Task #3170
Feature #2816: GPU offload / optimization for update&constraits, buffer ops and multi-gpu communication
Feature #2817: GPU X/F buffer ops
Feature #3029: GPU force buffer ops + reduction
investigate GPU f buffer ops use cases
Description
Check if there is any performance benefits to be had and in which regimes for x / f buffer opts without GPU update in:
- runs with DD and CPU update
- x buffer ops: offloadable with a likely simple crossover heuristic threshold; i.e. below N atoms/core not offloaded (locals or also nonlocals, with/without CPU work?)
- f buffer ops: heuristics likely more complex criteria (as it is combined with reductions)

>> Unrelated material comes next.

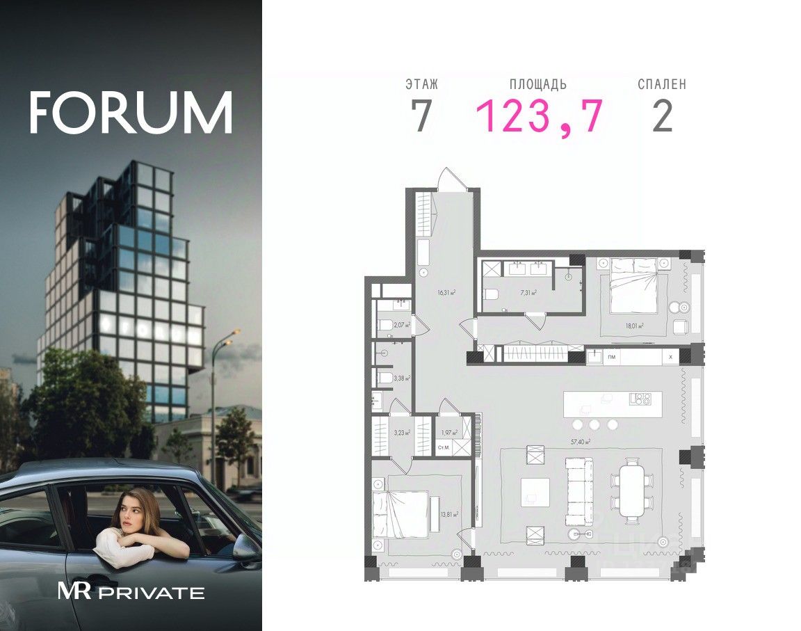 Продаётся 2-комнатная квартира от застройщика MR Private в клубном доме FORUM.

- runs with / without DD and vsites
- with GPU update requires D2H and H2D -- is it worth it, test use-cases (e.g. multiple ranks per GPU, both ensemble and DD runs, transfers might be overlapped)
- without GPU update: same applies as above non-vistes runs just wait on D2H needs to be earlier
Related issues
Associated revisions
History
#1 Updated by Szilárd Páll over 1 year ago
- Subject changed from investigate GPU f buffer ops + vsites use case to investigate GPU f buffer ops use cases
- Description updated (diff)
#2 Updated by Szilárd Páll over 1 year ago
- Parent task set to #3029
#3 Updated by Szilárd Páll over 1 year ago
- Related to Task #3171: schedule CPU H2D force contribution in separate stream added
#4 Updated by Paul Bauer about 1 year ago
- Target version changed from 2020 to 2021
#5 Updated by Alan Gray about 1 year ago
- Status changed from New to Closed
Moved to umbrella task https://redmine.gromacs.org/issues/3370
Allow overlapping CPU force H2D with compute
The reduction orchestration code already uses explicit sync event
in all cases and StateGpu implements the ability to schedule force
H2D in a separate stream for the "All" locality.
Hence, this change switches for non-DD runs the CPU force H2D to be done
in the update stream to allow overlap with force work in the local
stream.
Refs #3170 #3029
Change-Id: Iceb9aac395335c062109d552d3f0289688a9c75f